◆ **YOUR GOAL**:
Output the data below exactly as it is, dropping the pictures from your copy.

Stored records
■ ■ ■ ■ ■
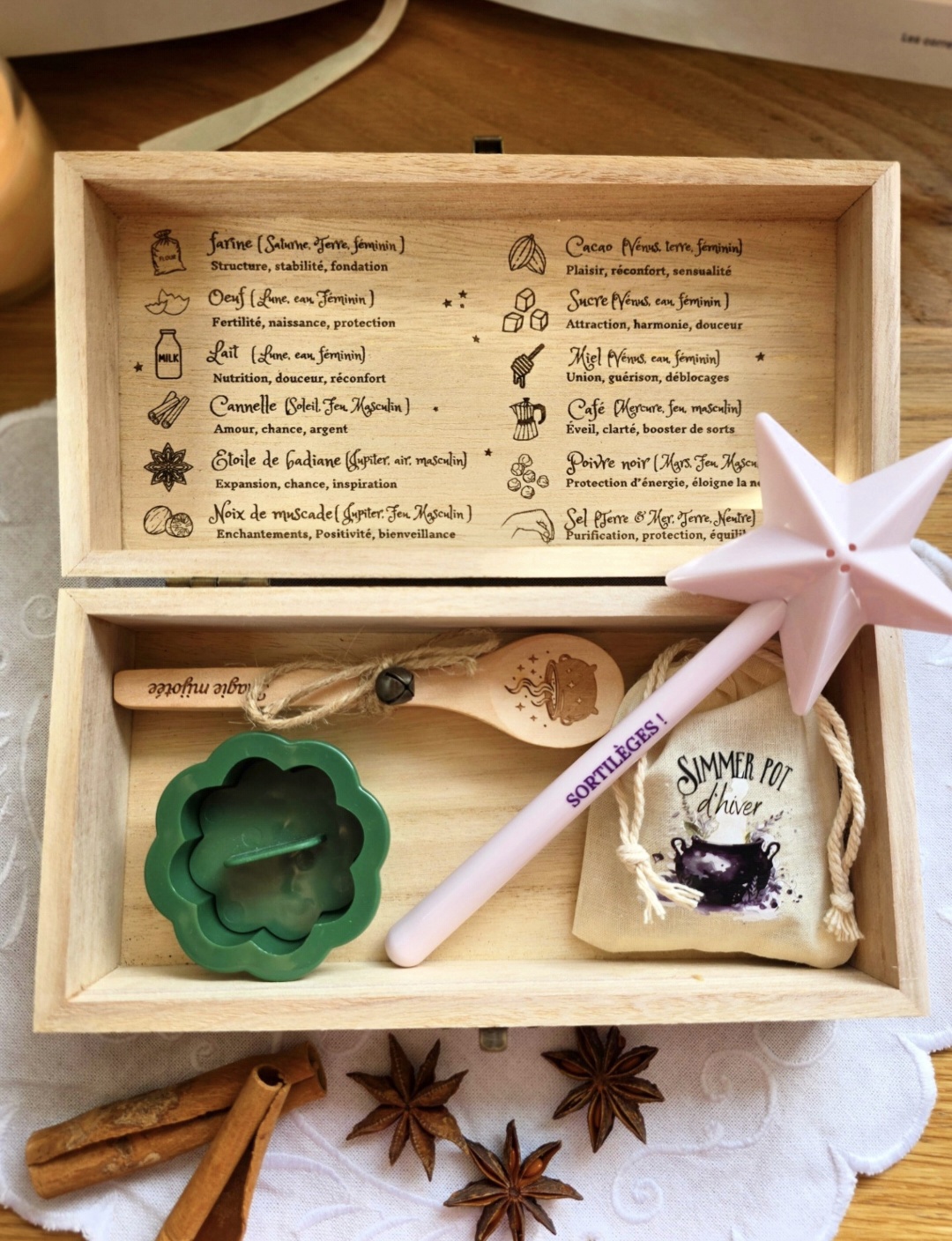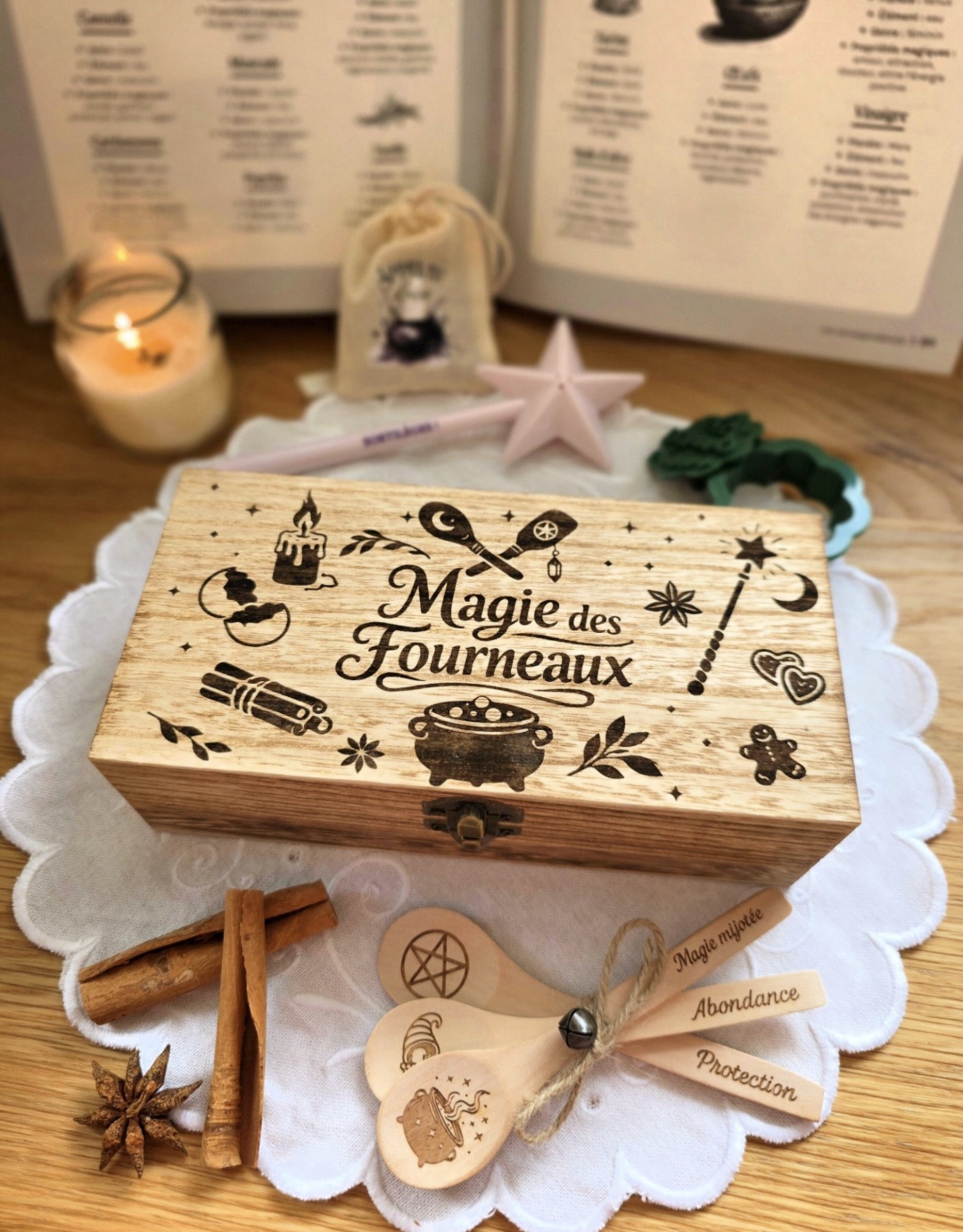 Intérieur gravé “Ingrédients magiques” pour vous guider lors de vos recettes enchantées
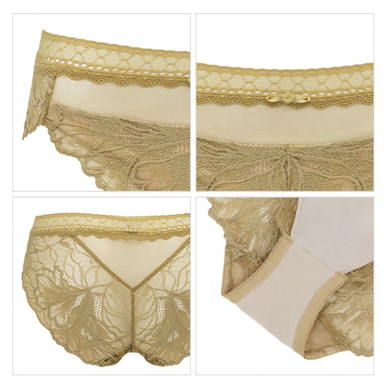 ダイナミックな大花柄と幾何学調のネット柄の組み合わせがモードな印象のストレッチラッセルレース*を使用したパンティです。 チェック柄と合わせた細巾レースを使い合わせ、程よく透け感もある華やかなデザインです。
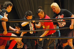 星川が「いくぞー、3、2、1、ZERO1!」で締める(左写真)。星川の入場曲「ハイティーンブギ」が流れ星川退場。
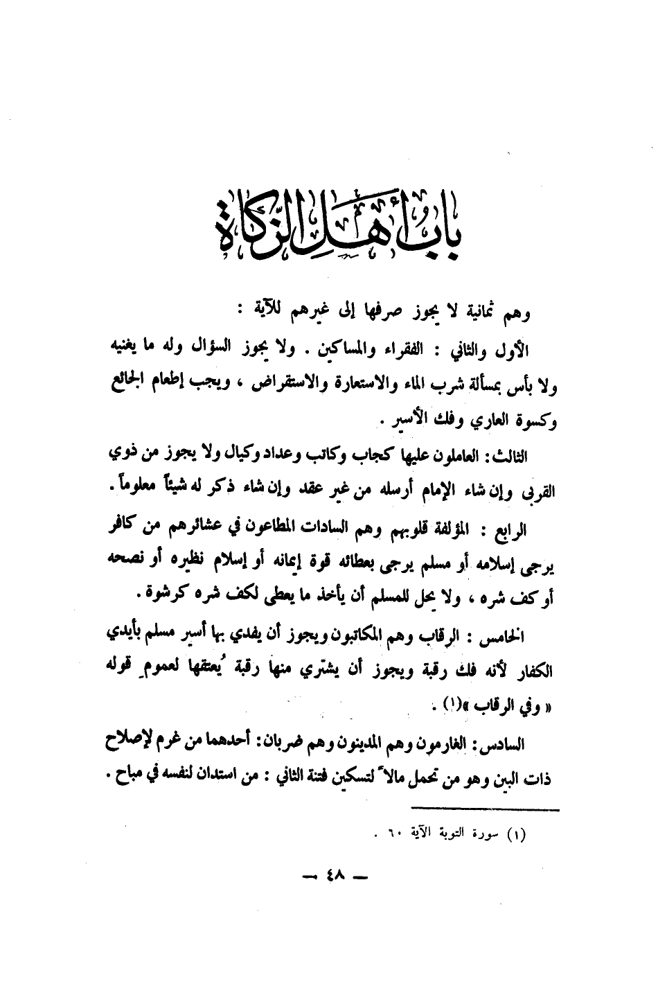 الخامس: الرقاب وهم المكاتبون، ويجوز أن يفدى بها أسير مسلم بأيدي الكفار لأنه فك رقبة، ويجوز أن يشتري منها رقبة ويعتقها لعموم قوله: {وَفِي الرِّقَابِ}
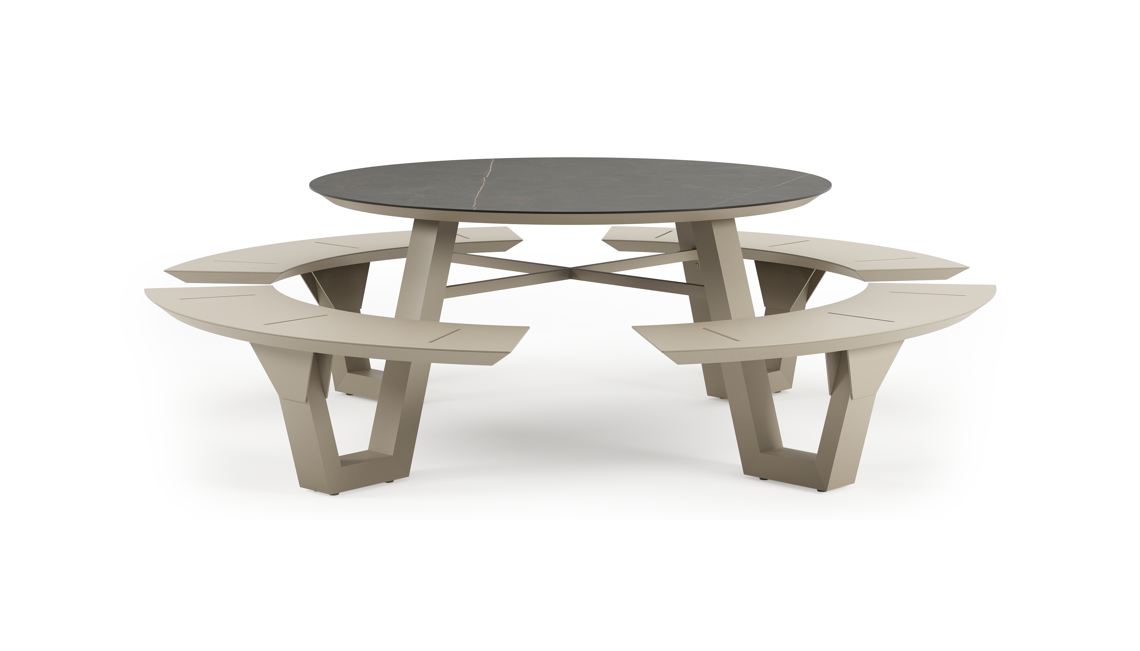 Rondino picknicktafel rond in beige aluminium en volkeramiek Calatorao - Dia. 148 x H 71.5 cm | Exterioo tuinmeubelen
■ ■ ■ ■ ■
◆ **RESULT FOR THIS TASK**:
 Intérieur gravé “Ingrédients magiques” pour vous guider lors de vos recettes enchantées
 ダイナミックな大花柄と幾何学調のネット柄の組み合わせがモードな印象のストレッチラッセルレース*を使用したパンティです。 チェック柄と合わせた細巾レースを使い合わせ、程よく透け感もある華やかなデザインです。
 星川が「いくぞー、3、2、1、ZERO1!」で締める(左写真)。星川の入場曲「ハイティーンブギ」が流れ星川退場。
 الخامس: الرقاب وهم المكاتبون، ويجوز أن يفدى بها أسير مسلم بأيدي الكفار لأنه فك رقبة، ويجوز أن يشتري منها رقبة ويعتقها لعموم قوله: {وَفِي الرِّقَابِ}
 Rondino picknicktafel rond in beige aluminium en volkeramiek Calatorao - Dia. 148 x H 71.5 cm | Exterioo tuinmeubelen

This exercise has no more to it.